# LFE port vs PREOUT ports? (sub)



## spamreef (Dec 1, 2010)

I have a denon avr-2105 and a mirage 10" powered sub hooked up to a berringer feedback destroyer and it sounds great,,,,BUT,,,,when I select "stereo" or any 2 channel source my sub will not operate. What if I wear to use the per-out LEFT & RIGHT whit a"Y" rather than the LFE port? would it work? would I have to select"large" for the sats.? would I have to select"OFF" for the LFE channel??


----------



## ironhead1230 (May 6, 2010)

spamreef said:


> I have a denon avr-2105 and a mirage 10" powered sub hooked up to a berringer feedback destroyer and it sounds great,,,,BUT,,,,when I select "stereo" or any 2 channel source my sub will not operate. What if I wear to use the per-out LEFT & RIGHT whit a"Y" rather than the LFE port? would it work? would I have to select"large" for the sats.? would I have to select"OFF" for the LFE channel??


Did you run audyssey? When the sub is not working, do you have the speakers set to small and what is the crossover? If they are set to large, two channel sources will not send any content to the sub. Also, if you are using the DIRECT or PURE DIRECT mode, bass management is bypassed (unless you are using LFE+MAIN) so nothing will be sent to the sub. 

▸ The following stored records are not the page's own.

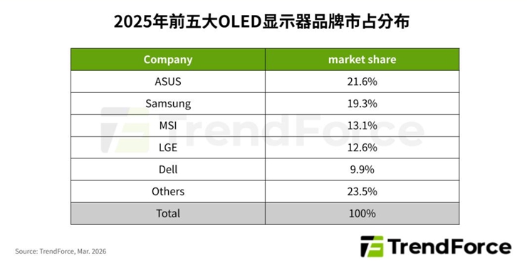市场数据也为这种默契提供了现实支撑。根据TrendForce集邦咨询的数据,2025年全球OLED显示器出货量达到273.5万台,年增率高达92%,2026年预计还将再增长51%。在品牌份额上,华硕以21.6%居首,三星电子19.3%紧随其后,微星13.1%,LG电子12.6%,戴尔(外星人)9.9%。可以看出,OLED显示器市场仍处在高速增长且格局未定的阶段,任何一家厂商都不愿因面板供应问题而掉队。
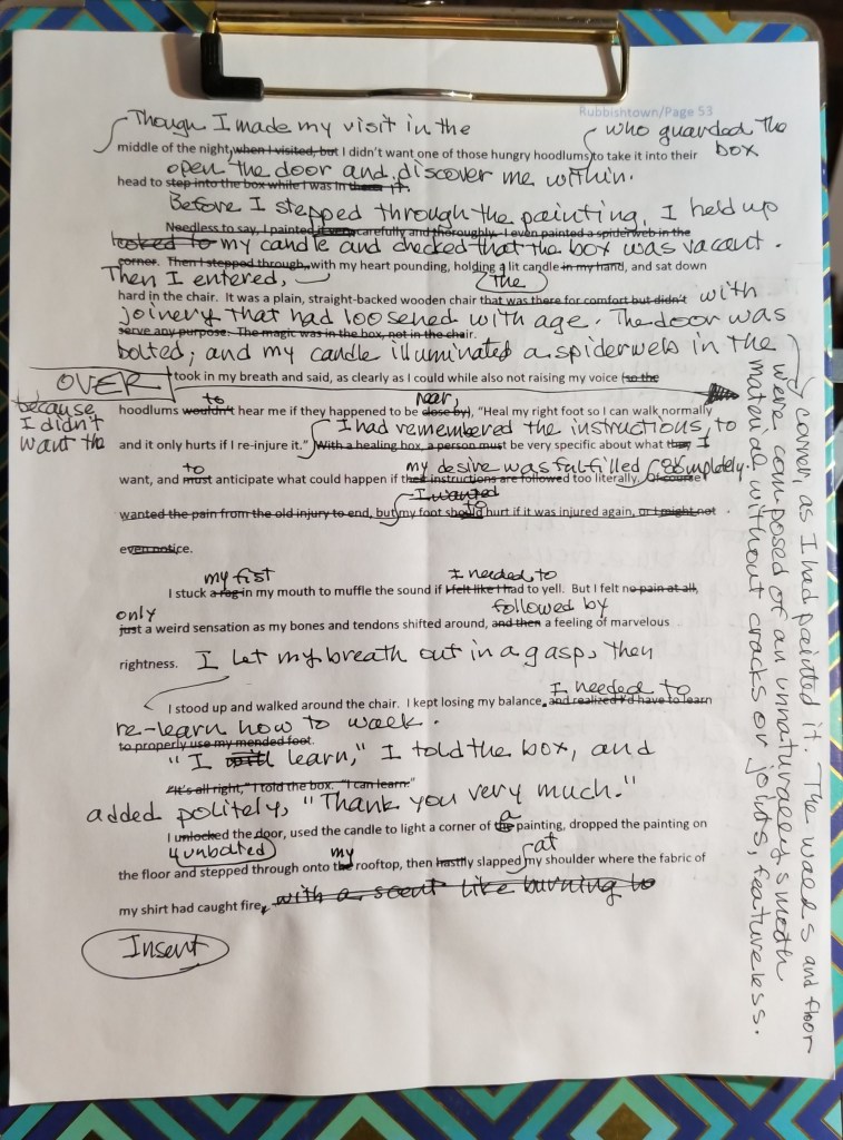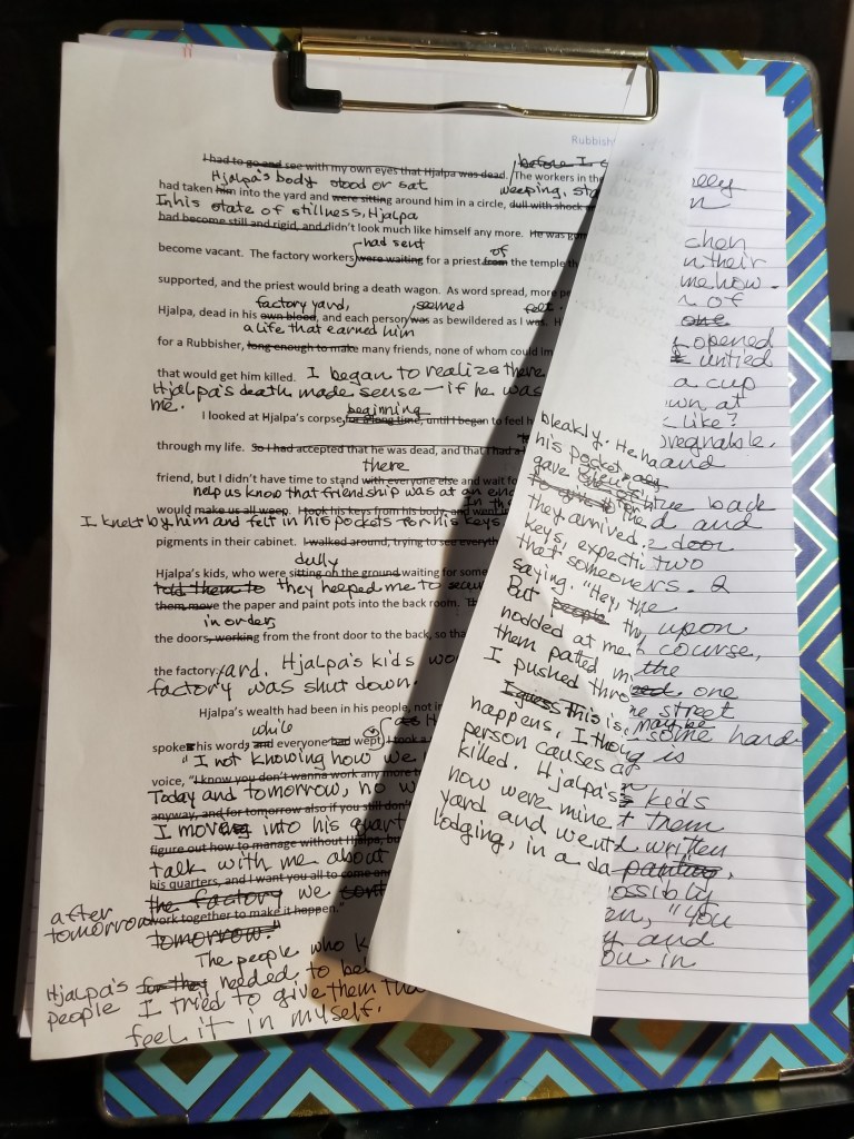 When I type up a chapter, comprehension becomes possible. The light-scatter coalesces into a focused beam, and I can see my book’s multitude of flaws and failures. And that’s okay: Imperfections are rocks that form a path across a river. I step on them, thank them, and leave them behind.
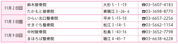 ※当番接(整)骨院は変更になる場合があります。変更がある場合は区HPに掲載しています。
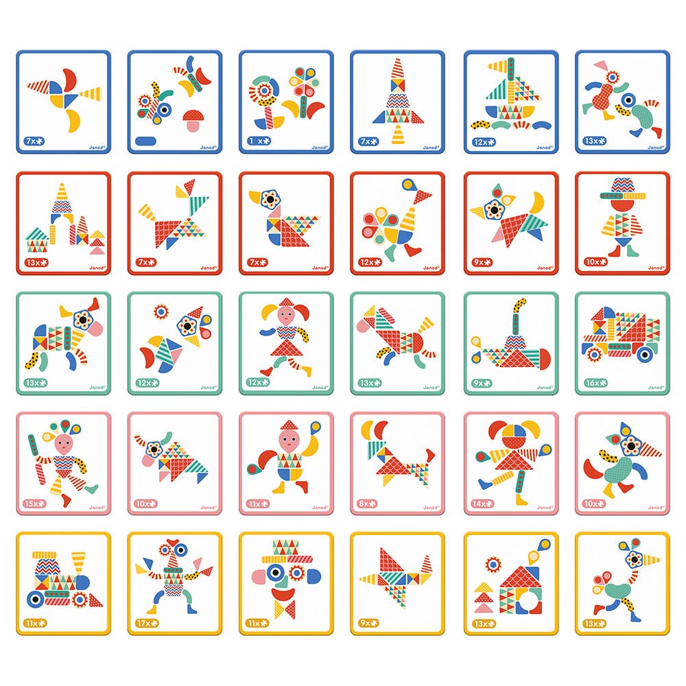 Once the book is opened, the aim is to make the stage the same tangram shape as indicated on the card thanks to the magnets.
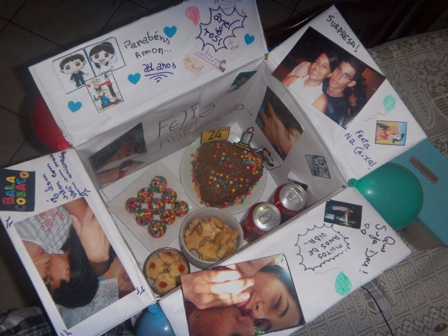 A festa na caixa é uma caixa que contém bolo de aniversário e guloseimas para o presenteado. Você pode montar uma para o seu amor.
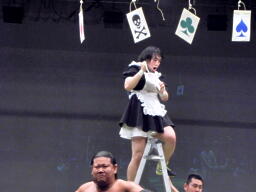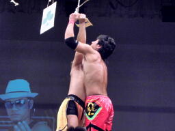 そこに11番目のササキアンドガッバーナがミサイルキック、安部が♠の封筒を落とす(右写真)。リング下に落ちた封筒をヤゴー・アズナブルがGET。「ドントムーヴ」がかかる。
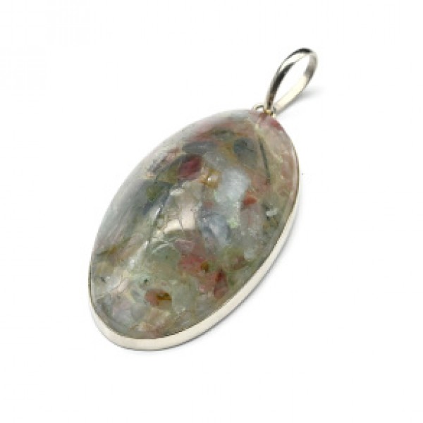 Кулон с янтарём мозаика в посеребрении овал 17*31м..
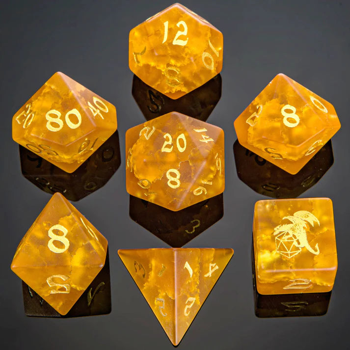 Dragon's Hoard Gemstone RPG Dice Set - Frosted Amber
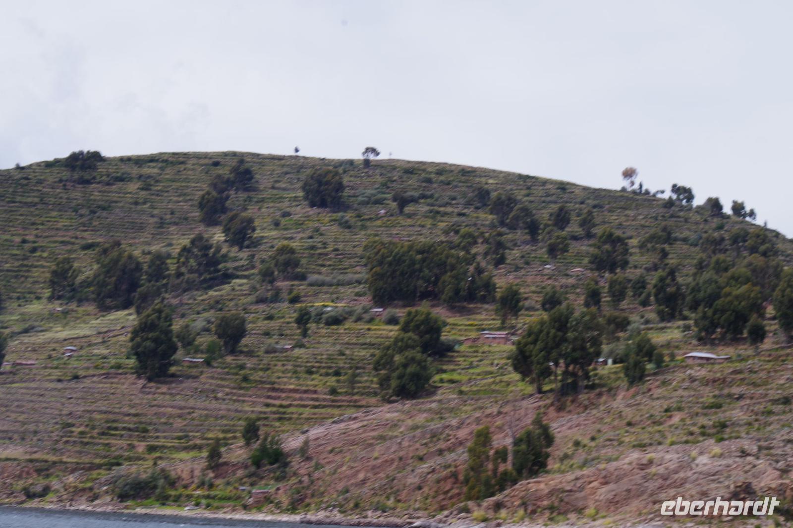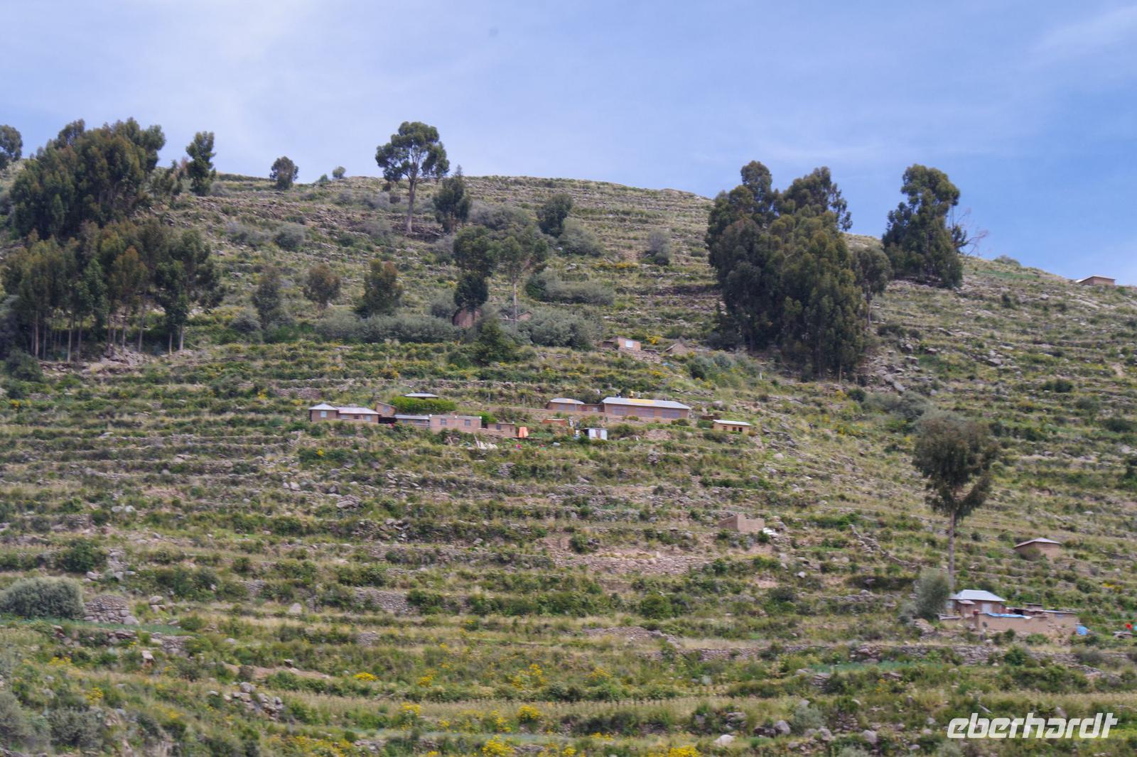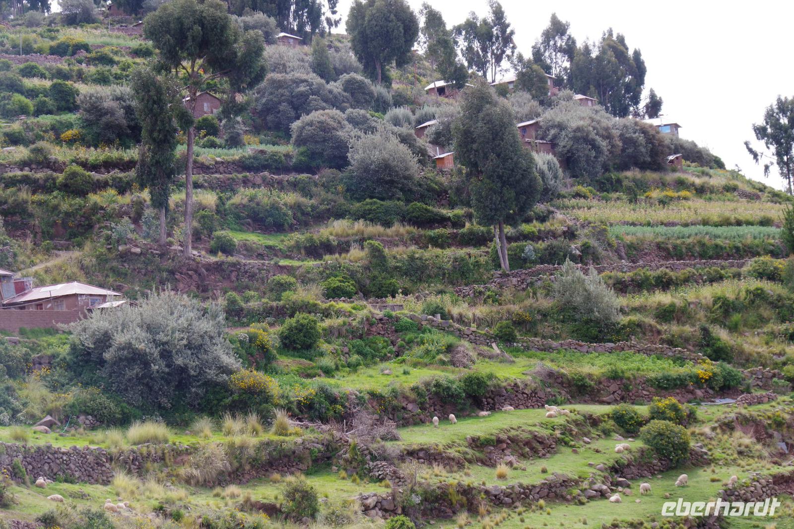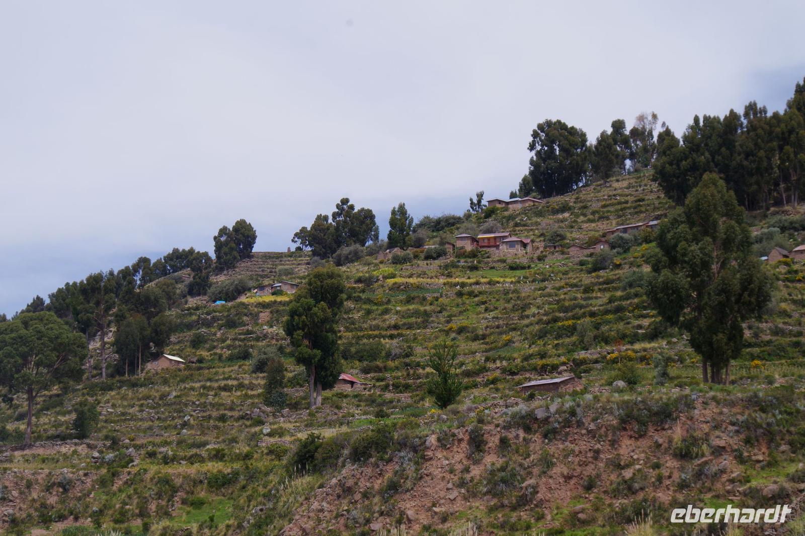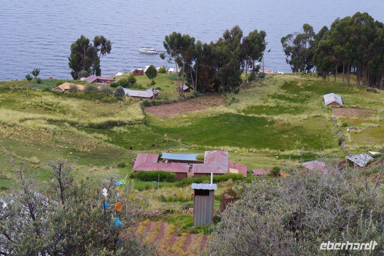 Wir fuhren dann etwas über zwei Stunden zur Taquile Insel. Dort lebt ein indigenes Volk in einer Kommune. Alles gehört allen und alle Bewohner haben etwa gleichviel Besitz. Jeder Bewohner ist auch verpflichtet, eine Arbeit auszuüben, dazu zählt hauptsächlich die Feldarbeit, aber auch die Web- oder Strickarbeit. In allen Restaurants werden die gleichen Speisen zu gleichen Preisen angeboten. Die quechuasprachigen Bewohner leben hauptsächlich vegetarisch. Sie bauen Quinoa, Mais, Kartoffeln und vieles mehr an. Es wirkt etwas, als wäre die Zeit stehen geblieben, denn auf der Insel gibt es keine Fahrzeuge, keine Lasttiere und auch keinen Strom.
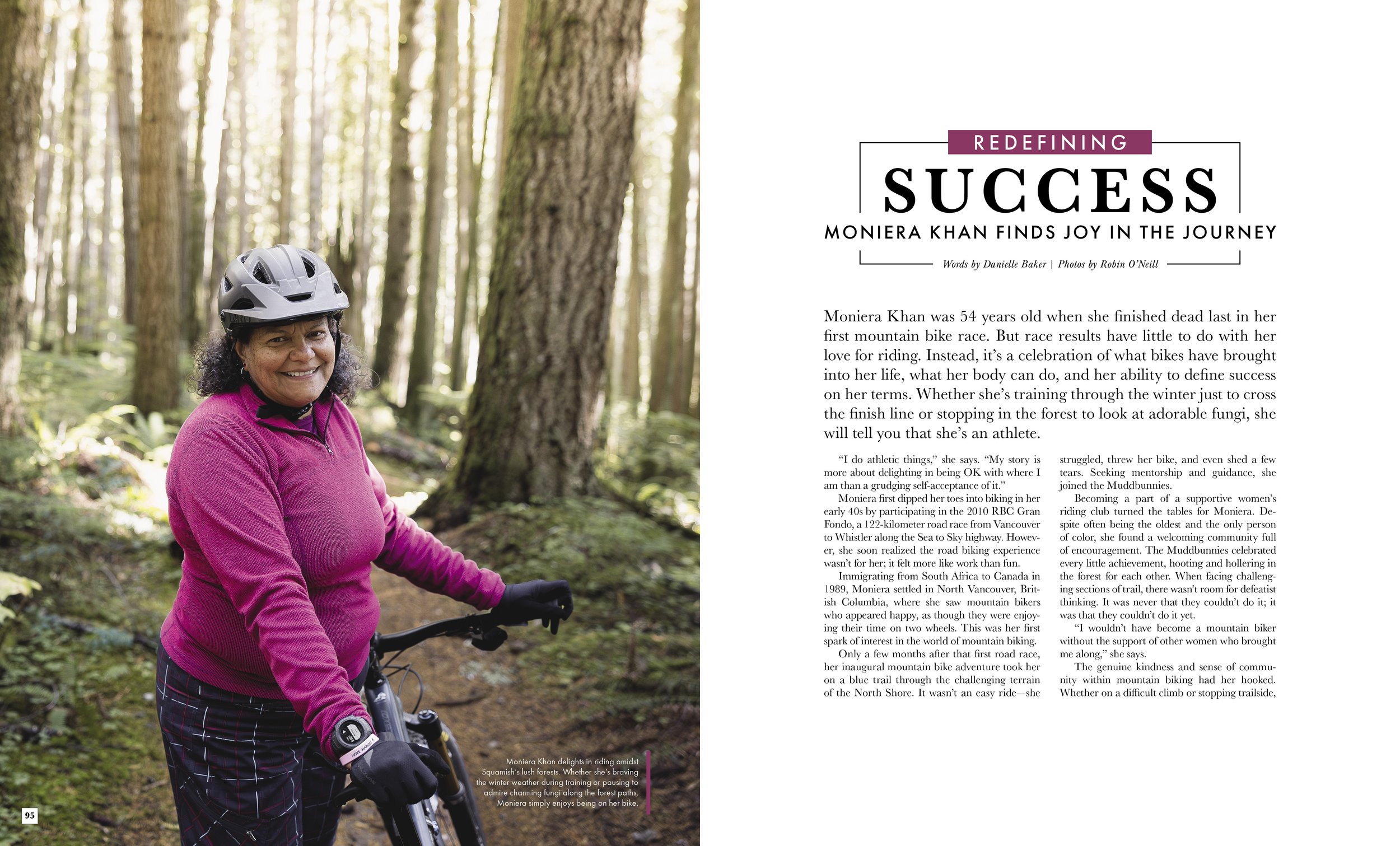 Moniera Khan was 54 years old when she finished dead last in her first mountain bike race. But race results have little to do with her love for riding.

I would not use a y adapter like you describe. I believe your issue is just a settings problem.

-Mike


----------



## ansat (Apr 22, 2011)

ironhead1230 said:


> Did you run audyssey? When the sub is not working, do you have the speakers set to small and what is the crossover? If they are set to large, two channel sources will not send any content to the sub. Also, if you are using the DIRECT or PURE DIRECT mode, bass management is bypassed (unless you are using LFE+MAIN) so nothing will be sent to the sub.
> 
> I would not use a y adapter like you describe. I believe your issue is just a settings problem.
> 
> -Mike


I agree with mike. I would also suggest looking for settings for stereo specific. I know my 3808 has seperate config foe stereo vs


----------



## pc_light (Feb 22, 2012)

Spamreef, are you saying that the feed to the SW comes from Behringer rather than AVR? 

I agree with the others, most likely it's the settings on the AVR but if if the signals are only coming from the Behringer, than those settings might be where you need to look. Any chance the feedback eliminator is set to eliminate the SW frequencies :coocoo:

BTW, FWIW I believe what you're asking about pre-out's should work, at least it would on my AVR3808. With SW set to OFF the speakers would default to LARGE which should send more lower freq signals to speakers/Behriinger.


----------



## koyaan (Mar 2, 2010)

I'd try setting the AVR to LFE+MAIN . I believe that even when set to Stereo, the AVR would then send a signal to the sub so long as there's some < 80hz signal to send.


----------